The same-day recommendation matters because the Details Actor enriches the in-custody rows found in this snapshot. Running Details against an older snapshot can produce stale custody detail data.

### Input

- `prefixes`: optional explicit last-name prefixes to scrape.
- `prefixDepth`: when `prefixes` is empty, auto-generates `A-Z` for `1` or `AA-ZZ` for `2`.
- `requestDelayMs`: delay between requests per worker.
- `maxPagesPerPrefix`: page cap per prefix; use `0` for no cap.
- `workerCount`: number of parallel prefix workers.
- `proxyMode`: `none`, `datacenter`, or `residential`.
- `proxyCountryCode`: optional 2-letter country code for residential proxy only.
- `resumeMode`: `auto` resumes unfinished logical runs; `forceNew` starts fresh.
- `logicalRunId`: optional stable logical run identifier for manual recovery or testing.
- `retainedCompletedRuns`: number of completed named final datasets to keep.
- `sampleRowLimit`: number of sample rows copied into the final `OUTPUT` summary.
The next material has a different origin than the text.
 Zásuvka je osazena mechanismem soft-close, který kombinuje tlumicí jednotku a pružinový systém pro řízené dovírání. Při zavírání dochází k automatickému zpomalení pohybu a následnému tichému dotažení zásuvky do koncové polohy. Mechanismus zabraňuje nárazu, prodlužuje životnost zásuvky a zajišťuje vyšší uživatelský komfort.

### Reliability And Resume Behavior

- The Actor checkpoints prefix and pagination progress in a named key-value store.
- Failed or interrupted runs resume automatically by default.
- Graceful aborts publish partial output from already staged rows.
- Successful runs rebuild the clean final default dataset from staging.
- The newest retained named final datasets are kept for recovery/history.

### Notes

- Proxy use depends on the selected proxy mode.
- The public DOCCS lookup does not expose a reliable total-result count, so `prefixDepth: 2` is the safer full-snapshot mode.

# Actor input Schema

## `prefixes` (type: `array`):

Optional explicit prefixes to send as lastName in the SearchByName JSON request. Leave empty to auto-generate AA-ZZ from prefixDepth by default.

## `prefixDepth` (type: `integer`):

Used only when prefixes is empty. Set 1 for A-Z. Set 2 for AA-ZZ. Because the API does not expose a total-result count, 2 is the safer default for broader recurring scrapes.
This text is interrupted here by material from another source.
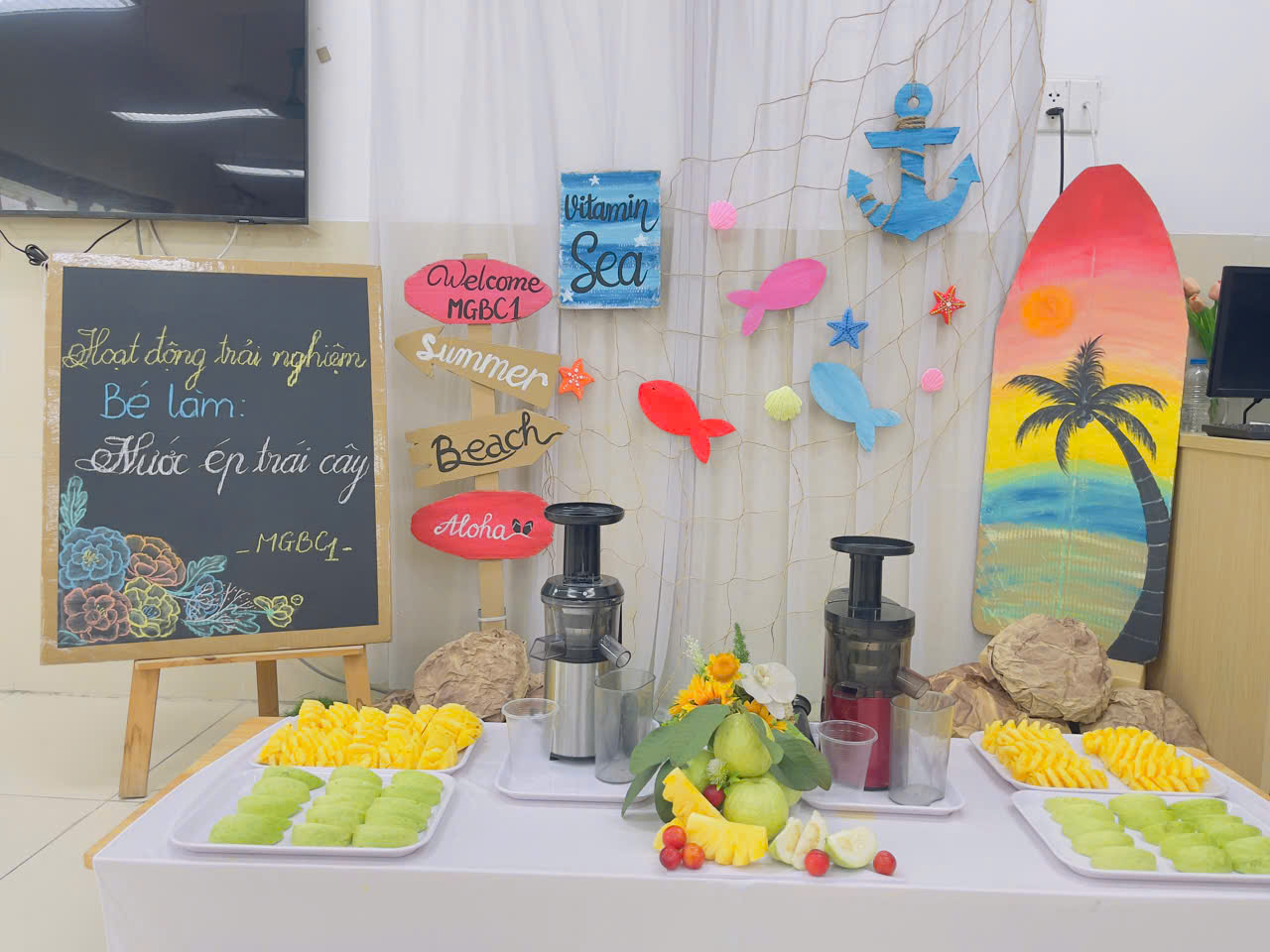 Thành phẩm là những ly nước ép tươi mát, bổ dưỡng và đẹp mắt do chính tay các con làm ra.

## `requestDelayMs` (type: `integer`):

Conservative pacing between the homepage session GET and the JSON POST requests. This delay is applied independently inside each worker session.

## `maxPagesPerPrefix` (type: `integer`):

Maximum pages to fetch for each prefix. Use 0 to paginate until the endpoint returns no persons or repeats the last DIN cursor.

## `workerCount` (type: `integer`):

Number of parallel prefix workers to run inside one Actor. Each worker uses its own cookie-backed session and pacing window.

## `proxyMode` (type: `string`):

Use Apify datacenter proxy first for the production basic scrape. Switch to residential only if the target starts throttling or blocking too aggressively.

## `proxyCountryCode` (type: `string`):

Optional 2-letter country code used only when proxyMode is residential.

## `resumeMode` (type: `string`):

Auto resumes the current unfinished logical scrape run from named storage. Force new abandons the previous unfinished logical run and starts a fresh one.

## `logicalRunId` (type: `string`):

Optional stable logical run identifier for manual recovery or testing. Leave empty for an automatic timestamp-based run ID.

## `retainedCompletedRuns` (type: `integer`):

How many completed named final datasets to keep after cleanup. Older retained copies are deleted automatically.

## `sampleRowLimit` (type: `integer`):

How many sample dataset rows to include in the final OUTPUT summary record.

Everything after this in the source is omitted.